[Records from a dataset]
····················

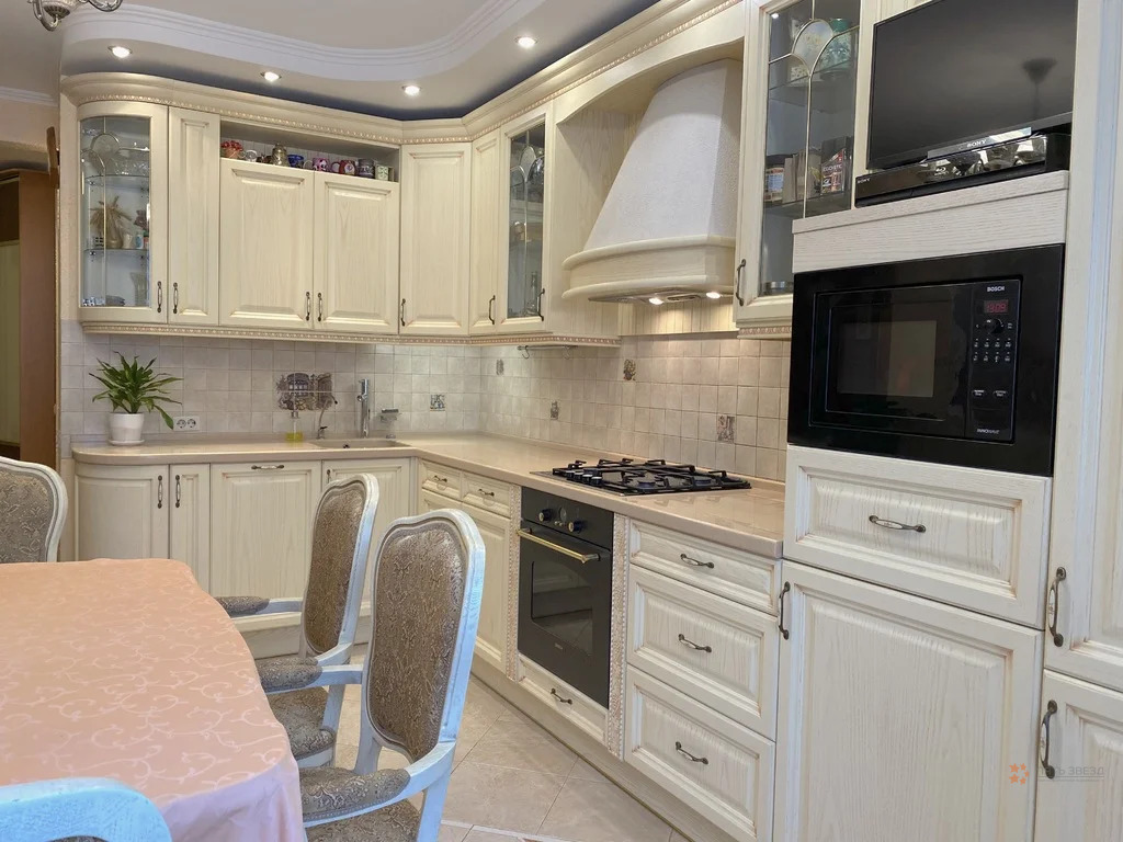 + Просторная светлая кухня – настоящий центр притяжения всей семьи. Установлена продуманная до мелочей, дорогостоящая встроенная кухня из массива дерева с единой столешницей без швов. Вся необходимая техника встроена (холодильник, морозильная камера, посудомоечная машина, микроволновка, духовой шкаф, варочная панель, вытяжка).
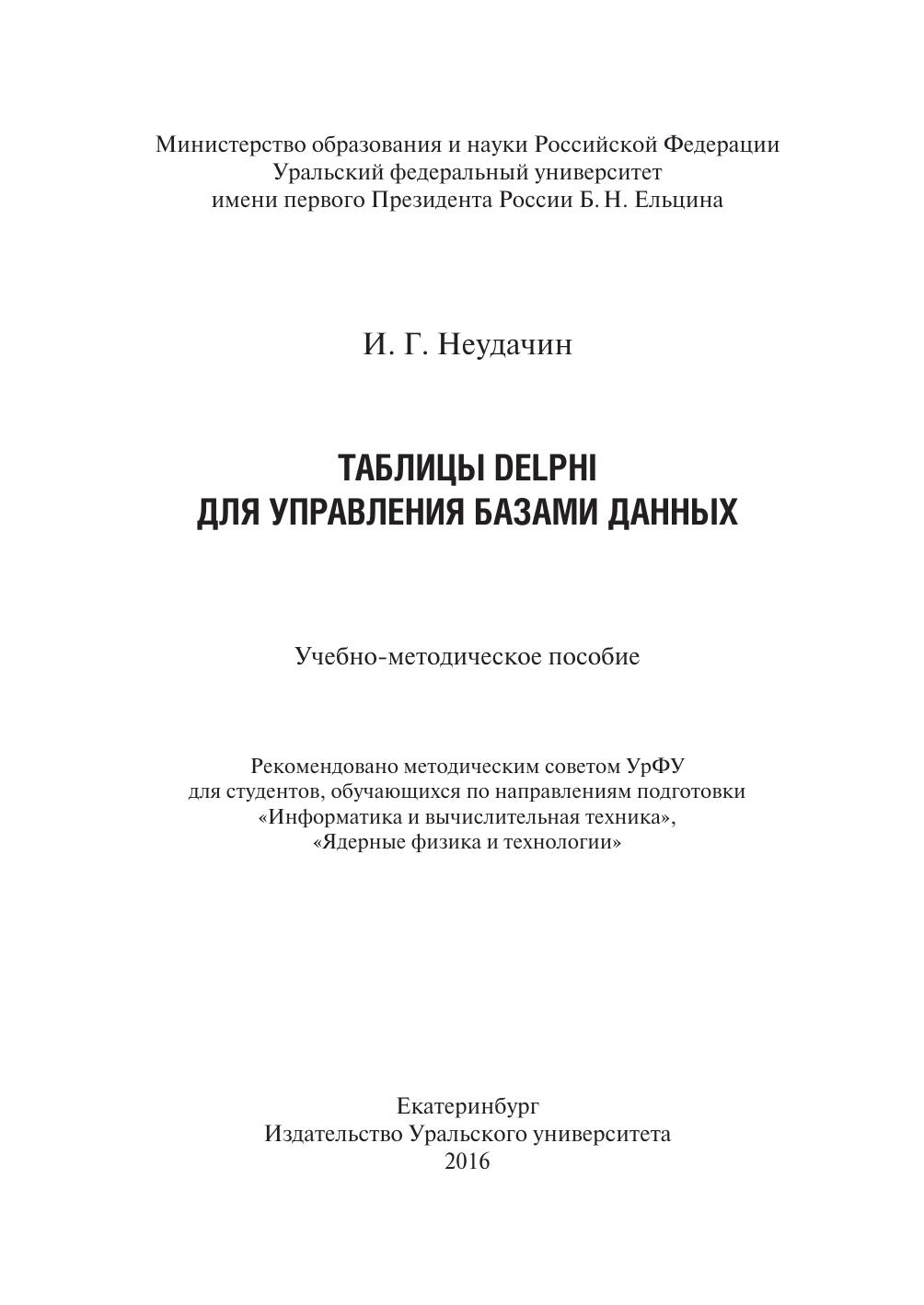 Таблицы Delphi для управления базами данных: учеб.-метод. пособие
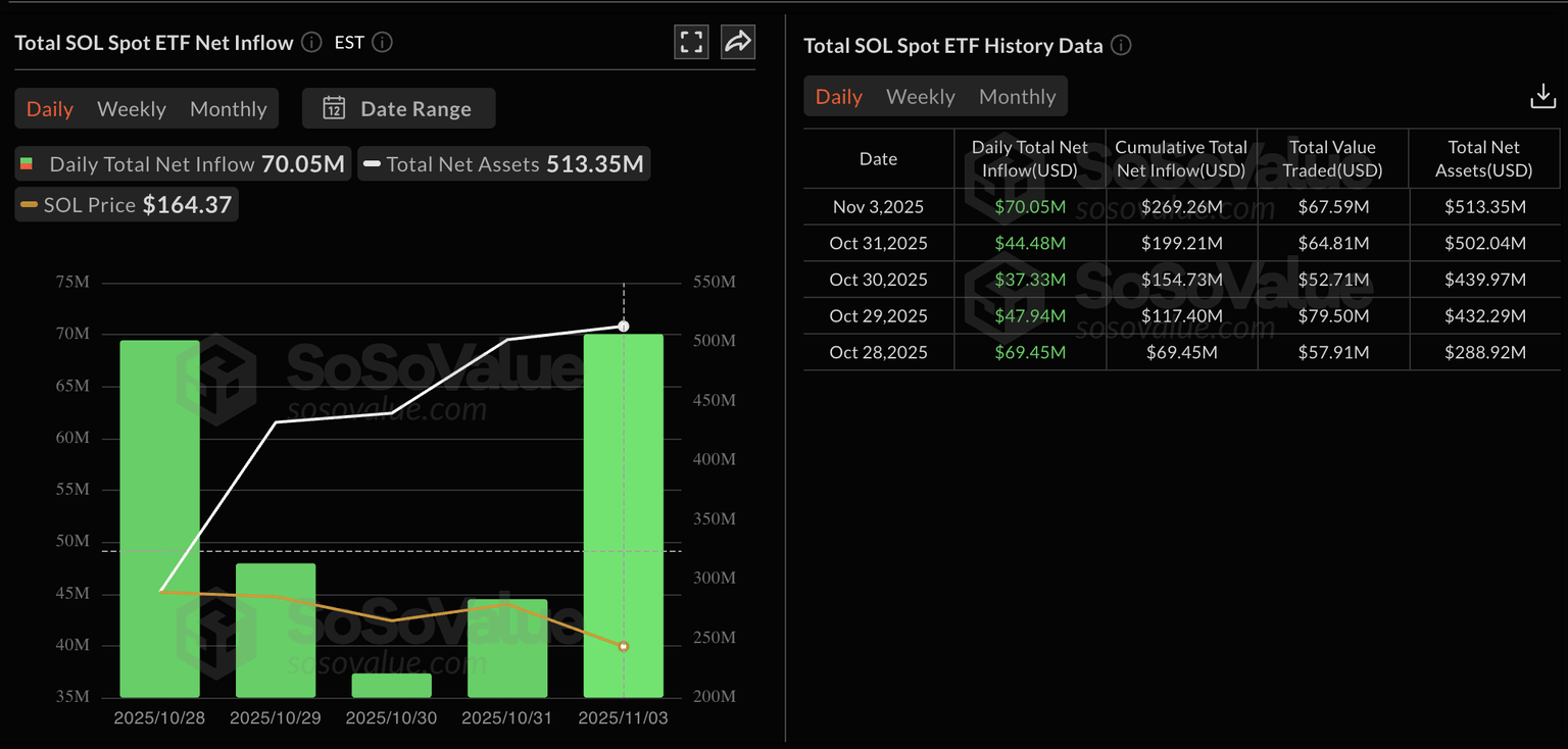 Entradas de ETFs de SOL al contado. Fuente: Sosovalue.
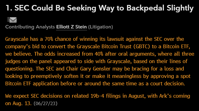Według Elliotta Z. Steina, czołowego analityka procesowego w Bloomberg Intelligence, Grayscale ma 70% szans na wygranie procesu przeciwko SEC. Stein szacuje, iż SEC zostanie finalnie zmuszony do zatwierdzenia wniosku o ETF. Jeszcze przed wydaniem decyzji przez sąd w sierpniu 2023 r., czyli w tym samym czasie, w którym oczekuje się na decyzję Ark Investment Management w sprawie zatwierdzenia ETF. Po tym, jak amerykańska SEC odrzuciła wniosek Grayscale w czerwcu 2023 r., Ark nie tracił czasu w złożenie pozwu kwestionującego tę decyzję.
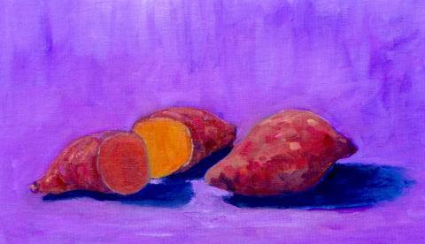 The sweet potato comes in many varieties. Most familiar is the orange fleshed with orange-tinged skin and long, tubular shape with tapered ends. Sweet potatoes also can be more round like a potato and grow in hues of white, purple, cream, pink, and yellow. Those marketed with the term “gold” or “red” are the orange variety. The sweet potato in America is often prepared as a sweet side dish. One popular preparation is the candied sweet potato. It is also mashed with marshmallows added to the recipe or made into a custard. Aside from a delicious sweet side dish the sweet potato is high in vitamins A, B5, and B6, as well as thiamin, niacin, and riboflavin. Its orange hue comes from the large amounts of carotenoids. It also contains potassium, calcium, and iron and is a source of vegetable protein.
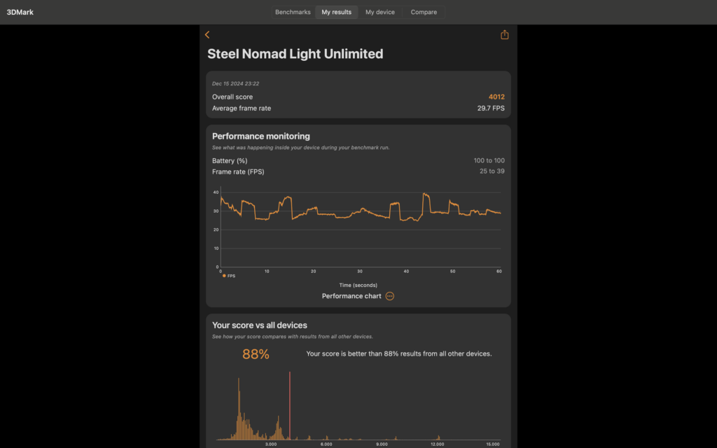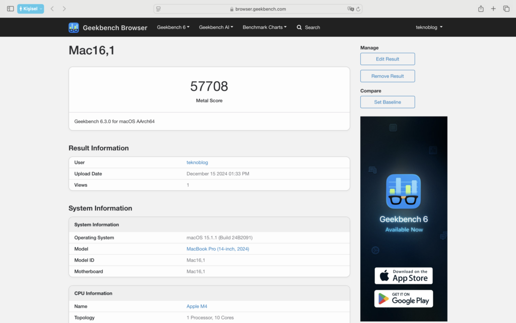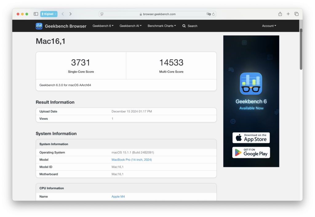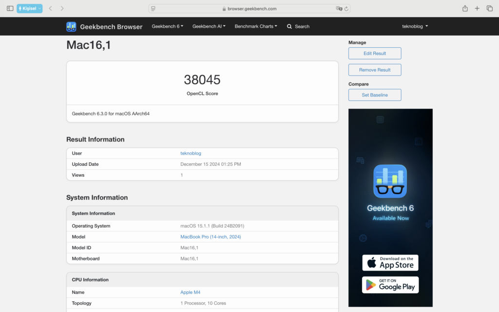 Grafik performansı açısından, M4 çipin sunduğu entegre GPU, temel seviye MacBook Pro’nun yeteneklerini daha da ileriye taşıyor. Adobe Premiere Pro ya da Final Cut Pro gibi video düzenleme yazılımlarında performansın önceki nesillere kıyasla ciddi anlamda iyileştiği görülüyor. Aynı şekilde, grafik yoğunluğu yüksek oyunlarda bile akıcı bir performans elde ediliyor. Elbette, bu cihaz bir oyun bilgisayarı olarak tasarlanmamış olsa da, grafik performansı beklentilerin üzerinde bir deneyim sunuyor. Apple’ın Metal API’si ile uyumlu çalışan M4 GPU, grafik işleme konusunda cihazın potansiyelini en üst seviyeye çıkarıyor.
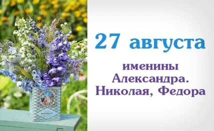 День ангела сегодня, 27 августа: Александр, Алексей, Аркадий, Василий, Владимир, Ева, Евдокия, Матвей, Николай, Семен, Федор. Отправьте друзьям смс-поздравление с Днем ангела 27 августа.
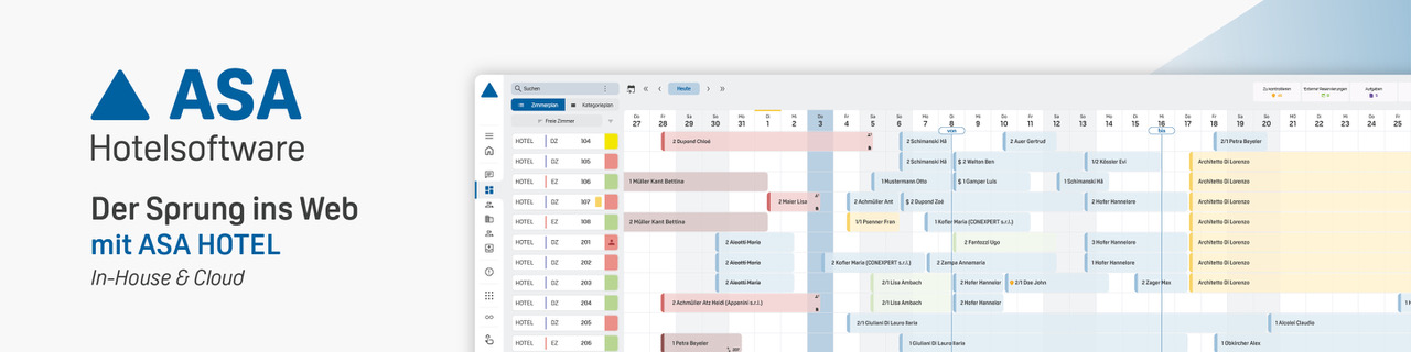 ASA wurde 1989 gegründet und hat sich von Anfang an auf die Entwicklung von Hotelsoftware konzentriert. Im Jahr 2000 wechselten wir von DOS zu Java und im Jahr 2024 präsentierten wir stolz ASA HOTEL mit neuer Oberfläche, die Cloud- und Web-fähig ist. Aber wir sind noch lange nicht am Ende. Der Generationswechsel hat bereits stattgefunden und wir streben ein langfristiges, organisches und gesundes Wachstum an. Wir halten, was wir versprechen.
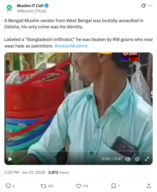 The X post shared on January 21 shows an individual asking a street vendor selling blankets about his whereabouts. When the vendor states that he is from Hooghly in West Bengal, the individual asks for the Aadhar card and calls him a “Bangladeshi”. In a similar manner, the X post from January 22 shows another street vendor being harassed and assaulted, calling him a Bangladeshi citizen. The individuals can be heard asking the vendor to clear the area.
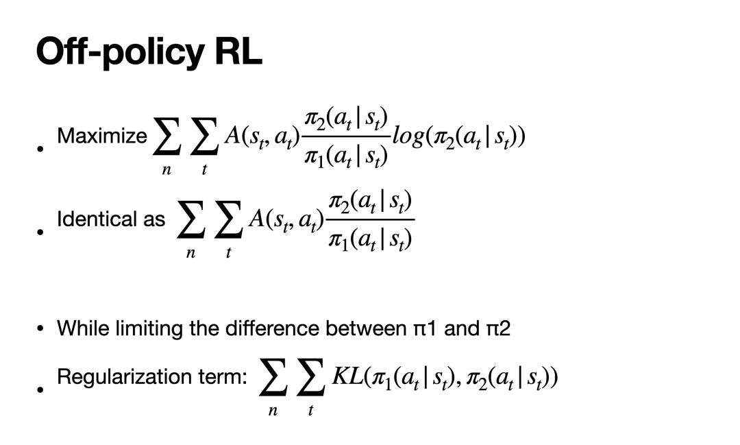 将上述内容总结,即可得到Off-policy RL的总体思路:优化调整后的训练目标,同时保证π1与π2分布的KL散度尽量小,如下图所示。值得注意的是,优化目标中的π2/π1项是一个标量而非概率分布向量,在求梯度时它是不可导的(不像后面的log(π2)可导),因此,在求梯度后,下图中第一行的优化目标实际上与第二行等价,因此我们实际上可以用更简洁的第二行作为训练中的实际优化目标。

····················

Your answer must be the exact lines from the records above, from the one containing "День ангела сегодня, 27" through the one containing "ASA wurde 1989", both included, with every picture left out.

 День ангела сегодня, 27 августа: Александр, Алексей, Аркадий, Василий, Владимир, Ева, Евдокия, Матвей, Николай, Семен, Федор. Отправьте друзьям смс-поздравление с Днем ангела 27 августа.
 ASA wurde 1989 gegründet und hat sich von Anfang an auf die Entwicklung von Hotelsoftware konzentriert. Im Jahr 2000 wechselten wir von DOS zu Java und im Jahr 2024 präsentierten wir stolz ASA HOTEL mit neuer Oberfläche, die Cloud- und Web-fähig ist. Aber wir sind noch lange nicht am Ende. Der Generationswechsel hat bereits stattgefunden und wir streben ein langfristiges, organisches und gesundes Wachstum an. Wir halten, was wir versprechen.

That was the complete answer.